样本量对滑坡易感性模型的影响：启发式、统计、机器学习、深度学习和集合学习模型与 SHAP 分析的比较研究

在滑坡易发性评估（LSA）中，清单的不完整性会在不同程度上影响不同模型的准确性。然而，这一领域的研究仍然不足。本研究调查了六种不同样本量（100%、90%、75%、50%、25% 和 10%）的启发式、统计、机器学习和集合学习模型（分析层次过程 (AHP)、频率比 (FR)、逻辑回归 (LR)、基于 Keras 的深度学习 (KBDL)、XGBoost 和 LightGBM）中的六种 LSA 模型。结果显示，在所有样本量下，XGBoost 和 LightGBM 的表现始终优于其他模型。LR 和 KBDL 模型紧随其后，而 FR 模型受样本量变化的影响最大。经验模型 AHP 则不受样本量的影响。通过 SHapley Additive exPlanations（SHAP）分析，海拔、NDVI、坡度、土地利用以及与道路和河流的距离成为研究区域滑坡发生的关键指标，这表明人类活动对这些事件有重大影响。有关人类活动和气候的五个时变指标验证了这一推论，为识别滑坡诱发因素，尤其是人类活动频繁地区的滑坡诱发因素提供了一种新方法。根据研究结果，提出了一个全面的山体滑坡评估框架，以帮助山体滑坡管理者做出明智的决策。未来的研究应侧重于扩大模型的多样性以解决样本大小的影响，增强 LSA 框架的适应性，利用可解释的机器学习技术深化人类活动对滑坡影响的分析，解决 LSA 中时间清单的不完整性，以及批判性地评估模型对跨学科样本大小变化的敏感性。

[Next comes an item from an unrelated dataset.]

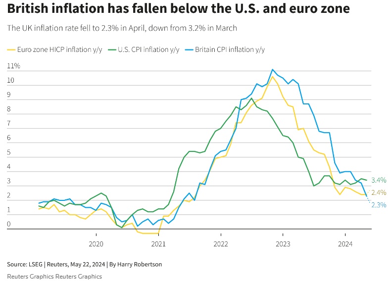 在数据显示英国4月份通胀率降至2.3%后,英国首相苏纳克周三宣布将于7月4日举行大选。苏纳克希望通过传递经济已经转头的信息来扭转保守党低迷的民调数据。
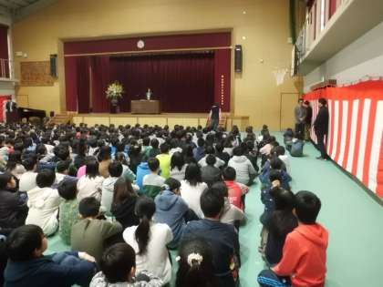 3月23日(金)に修了式を行いました。代表して修了証を受け取る5年生の子。きちんとした態度に1〜4年生もあこがれの視線を送っているようでした。

本文章由计算机程序翻译，如有差异，请以英文原文为准。

求助全文

约1分钟内获得全文去求助

来源期刊

Computers & Geosciences 地学-地球科学综合

CiteScore

9.30

自引率

6.80%

发文量

164

审稿时长

3.4 months

期刊介绍： Computers & Geosciences publishes high impact, original research at the interface between Computer Sciences and Geosciences. Publications should apply modern computer science paradigms, whether computational or informatics-based, to address problems in the geosciences.